(Data extracted from a collection)

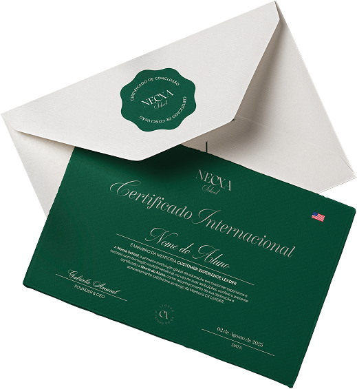 Na formação, você vai dominar CX, CS, tecnologia, imagem, posicionamento e comunicação estratégica, com acesso a 100% dos cursos e à comunidade NECXA por 12 meses.
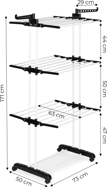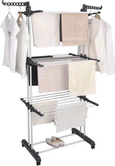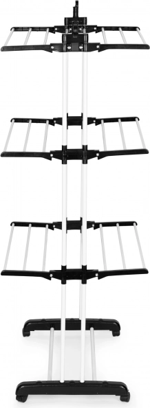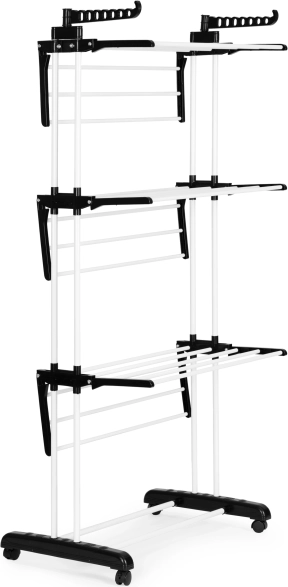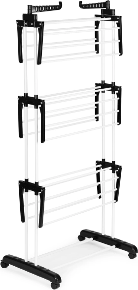 Tri razine sa 6 preklopnih krakova i 2 držača za vješalice primaju veliku količinu rublja, a da pritom ne zauzimaju prostor u sobi.
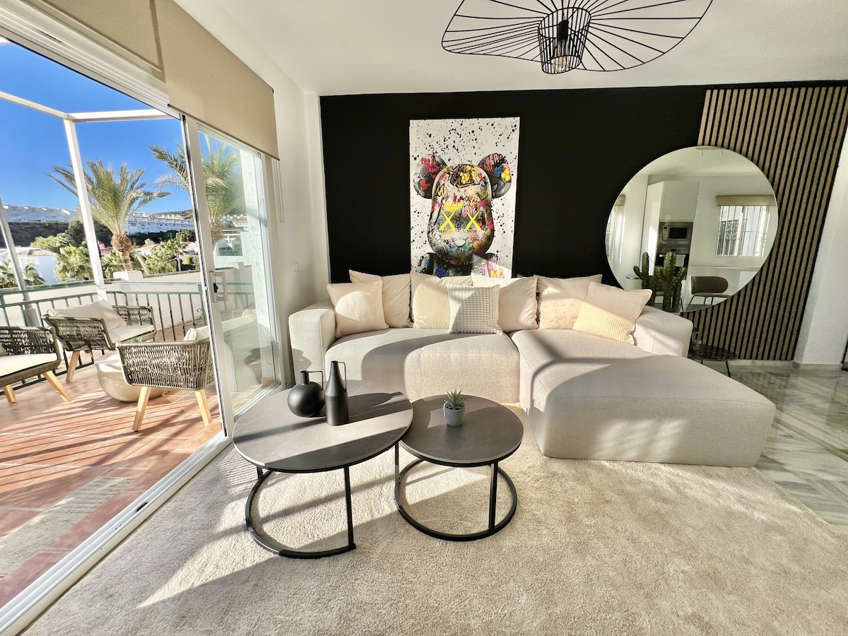 Brand new designer remodel 7 minutes walk to the beach and boardwalk in Riviera del Sol. Fantastic location; 5 minutes to La Cala de Mijas and 5 minutes to Cabopino. Gorgeous views of the Mediterranean from the living room and main bedroom. Huge sparkling pool with separate kid’s area. Gorgeous fully equipped kitchen with high end appliances. Stylish and comfortable furnishings throughout. Beach chairs, beach towels, and a cooler are provided to enhance your perfect day in the sand and water.
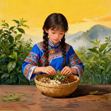 水彩工笔风,清新质朴,描绘女子溪边洗衣,衣衫晾晒,田园风光。
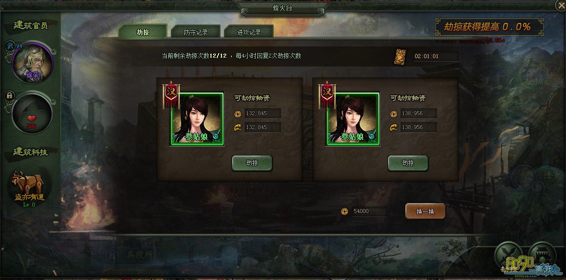 劫掠面板中,会随机出现2名与玩家战斗力接近的其他玩家信息。玩家可以指定其中一人发动劫掠,劫掠发动后,进入战斗。

What is required:
Only an exact copy of the lines from the top of the entries through the line with "Tri razine sa", both included, should be given, with all pictures omitted.

Output for this task:
 Na formação, você vai dominar CX, CS, tecnologia, imagem, posicionamento e comunicação estratégica, com acesso a 100% dos cursos e à comunidade NECXA por 12 meses.
 Tri razine sa 6 preklopnih krakova i 2 držača za vješalice primaju veliku količinu rublja, a da pritom ne zauzimaju prostor u sobi.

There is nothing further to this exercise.